Buy a piece of clothing or a fashion accessory, wear it occasionally without removing the label, then return it to the store to obtain a refund. This is the very essence of ‘wardrobing’, a practice which would make a comeback to cope with the incessant rise in prices. If some see it as a way of not overconsuming, of showing off with overpriced clothes, or even a simple game, the initial idea remains clear: to dress for free.

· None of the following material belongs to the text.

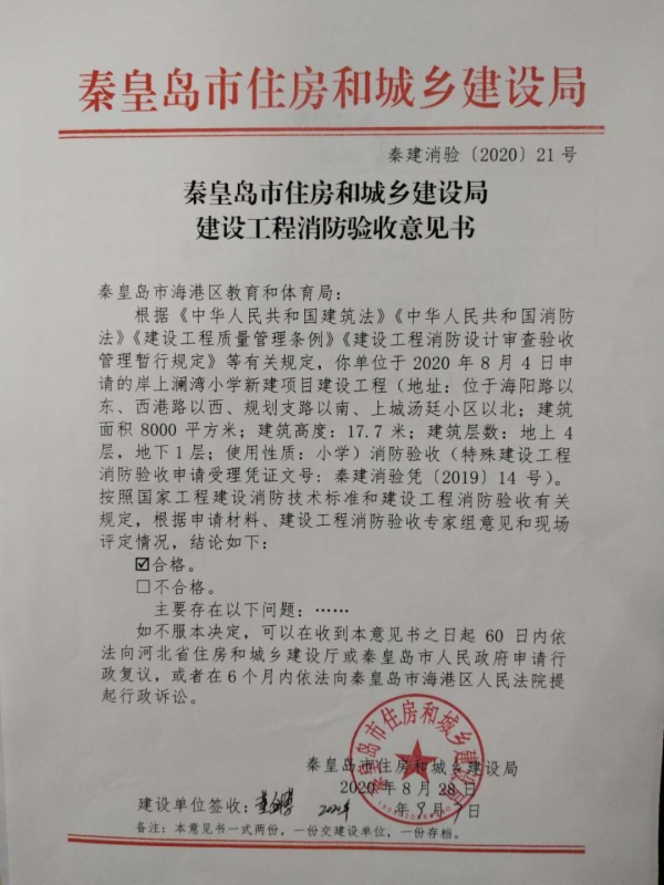 秦建消验〔2020〕21号建设工程消防验收意见书(岸上澜湾小学新建项目)

Presented as a popular “trend” (the hashtag has a million views on TikTok), this technique is not new: in the series “Gossip Girl” widely watched by the younger generations who are the most tempted to use it , two of the characters use it to integrate among the young people of New York high society. This practice is of course bordering on fraud, because in theory, it is entirely possible to try on a piece of clothing (sometimes for up to 14 days) then bring it back or send it back for a refund. ‘Wardrobing’, which can be translated into French as “porté-returné”, is increasingly being emulated around the world to cope with inflation. “Followers of this practice see it as a new way to save money, which allows them to wear an item of clothing for a short time before returning it,” explains an observer in “Le Point”. Or even have access to luxury pieces for free. However, some people justify this trick by talking about the… eco-responsible aspect of less consumption.
Beyond the financial losses generated by these returns of a particular type, for brands and retailers at least, ‘wardrobing’ would not be, as some justify, an eco-responsible practice. On the contrary, returns, whatever they may be, represent a heavy impact on the environment, especially when purchases are made online. Researcher Regina Frey, interviewed by Le Figaro explains: “It is often cheaper to get rid of unwanted items than to store them and refresh them for resale”, implying that these items worn then returned end up at least in part in landfills…
The environmental impact of returns is also the argument taken up by the multitude of brands that have recently changed their policy in this area. Previously free, returns may now be subject to a cost, particularly for online purchases, such as at Zara and H&M, for example. Generally set at less than two euros, can these fees really curb this craze for ‘wardrobing’? Nothing is less sure. Especially since returns to physical stores remain free.
Completely legal, renting clothes is an alternative to wardrobing, as is buying and selling second-hand clothes.